Doubly-clamped pre-stressed silicon nitride string resonators excel as high Q nanomechanical systems enabling room temperature quality factors of several 100,000 in the 10 MHz eigenfrequency range. Dielectric transduction ideally complements the silicon nitride strings, providing an all-electrical control scheme while retaining the large mechanical quality factor [1,2]. It is mediated by an inhomogeneous electric field created between adjacent electrodes. The resulting gradient field provides an integrated platform for actuation, displacement detection, frequency tuning as well as strong mode.

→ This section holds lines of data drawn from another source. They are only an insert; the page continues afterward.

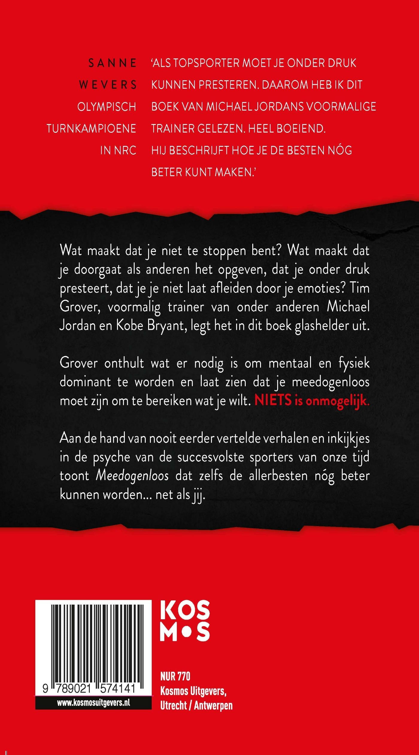 De legendarische coach van o.a. Michael Jordan en Kobe Bryant, Tim Grover, onthult wat er nodig is om mentaal en fysiek dominant te worden en toont aan dat je meedogenloos moet zijn om te bereiken wat je wilt. Direct, hard en genadeloos eerlijk laat Grover zien hoe wanneer alle anderen opgeven, jíj door kunt gaan. NIETS is onmogelijk. Aan de hand van nooit eerder vertelde verhalen en inkijkjes in de psyche van de succesvolste sporters van onze tijd toont Meedogenloos dat zelfs de allerbesten nog beter kunnen worden... net als jij.
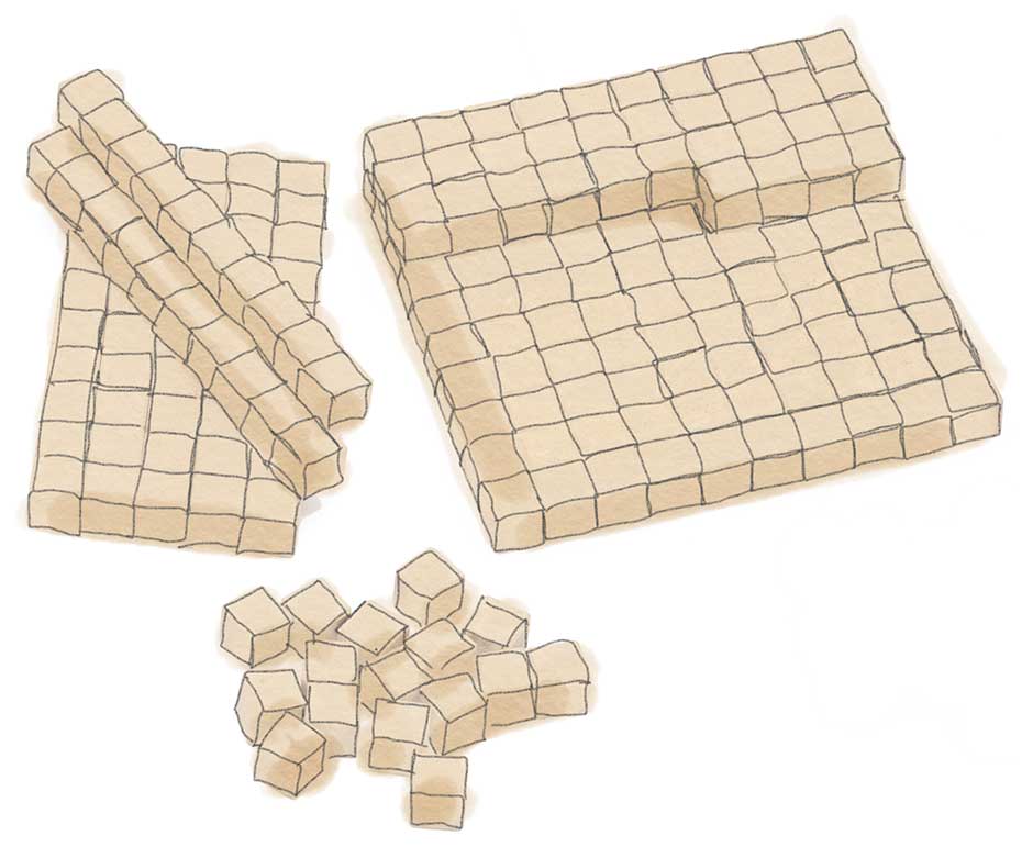 Das geradezu mechanische Abarbeiten von Teilschritten fördert kaum Einsichten in arithmetische Zusammenhänge. Griffiges Material und grafische Darstellungsformen der Bündelung im Dezimalsystem müssen im Mathematikunterricht vorrangig behandelt werden.
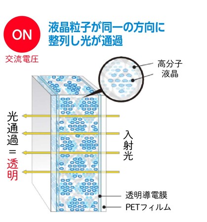 スイッチONで、電圧をかけることによりフィルム内の液晶分子が均一に整列し、光を通すことで【透過】します。
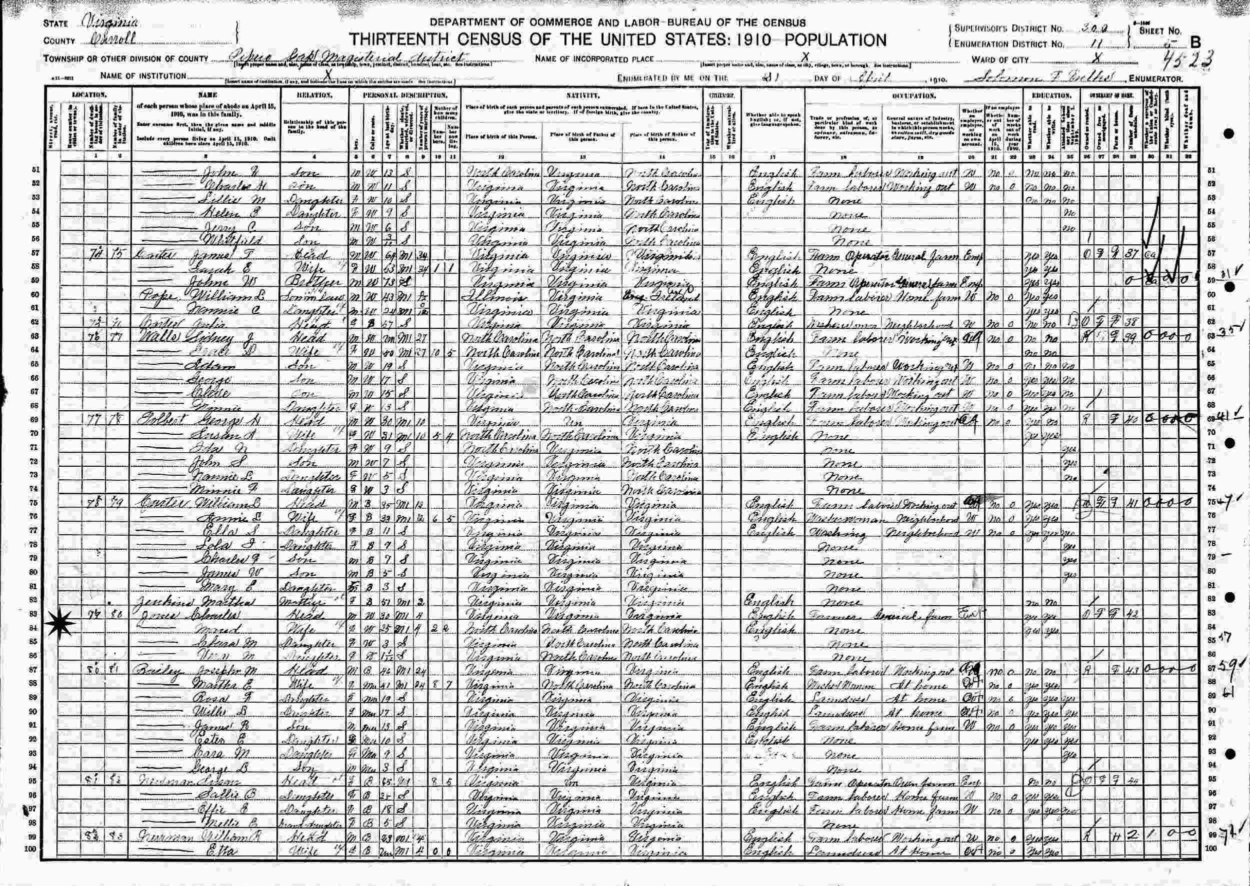 April 21, 1910 - Pipers Gap Magisterial District, Supervisor's District 300, Enumeration District 11, Carroll County, Virginia.

Dielectrically controlled silicon nitride strings are an ideal testbed to explore a variety of dynamical phenomena ranging from multimode coupling to coherent control. Here I will focus on the nonlinear dynamics of a strongly driven string [3,4]. While the response of the string is described by the cubic nonlinearity of the well-established Duffing model, the power spectrum reveals a series of interesting satellite peaks. I will show how they reflect the dynamics of the driven string in the presence of thermal noise, enabling insights into the squeezing of thermal fluctuations as well as nonlinear switching phenomena.
[1] Q. P. Unterreithmeier et al., Nature 458, 1001 (2009).
[2] J. Rieger et al., Appl. Phys. Lett. 101, 103110 (2012).
[3] M. Seitner et al., Phys. Rev. Lett. 118, 254301 (2017).